Task prompt - Set down only these lines, exactly: the line containing "4月18日下午,工商管理学院" and all lines through the end of the data below. Omit pictures.

Information supplied -
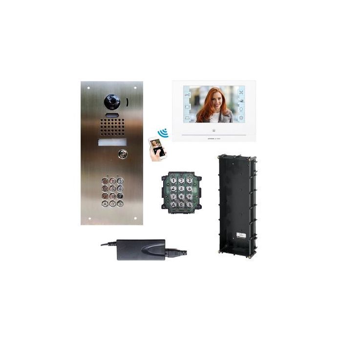 Aiphone 1to1 Colour Wifi Kit with intergarted stanless flush panel and Aiphone Keypad.
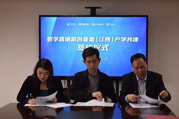 4月18日下午,工商管理学院与北京巨量引擎网络技术有限公司、江西仟得文化传播有限公司数字营销聚创联盟院企合作签约仪式在工商大楼503会议室举行。工商管理学院院长胡海波,党委书记黄文德,MBA教育学院副院长金欣,工商管理学院党委副书记周海燕,副院长陆淳鸿、谌飞龙,企业方代表北京巨量引擎综合运营策略总监杨文谦、高级经理魏畅,江西仟得文化传播有限公司政旅行业总经理张小雨、总经理助理郭弓出席了本次签约仪式。
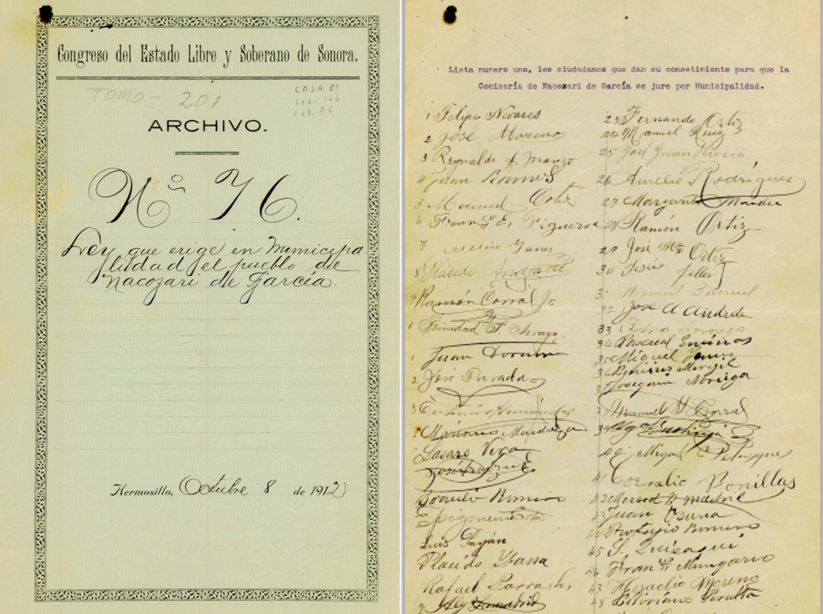 Ley No. 76, del año 1912, que Declara Municipio Nacozari de García
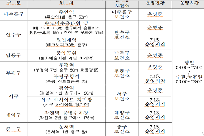 | ▲임시선별검사소 현황.(사진=인천시 제공) |

Output for this exercise -
 4月18日下午,工商管理学院与北京巨量引擎网络技术有限公司、江西仟得文化传播有限公司数字营销聚创联盟院企合作签约仪式在工商大楼503会议室举行。工商管理学院院长胡海波,党委书记黄文德,MBA教育学院副院长金欣,工商管理学院党委副书记周海燕,副院长陆淳鸿、谌飞龙,企业方代表北京巨量引擎综合运营策略总监杨文谦、高级经理魏畅,江西仟得文化传播有限公司政旅行业总经理张小雨、总经理助理郭弓出席了本次签约仪式。
 Ley No. 76, del año 1912, que Declara Municipio Nacozari de García
 | ▲임시선별검사소 현황.(사진=인천시 제공) |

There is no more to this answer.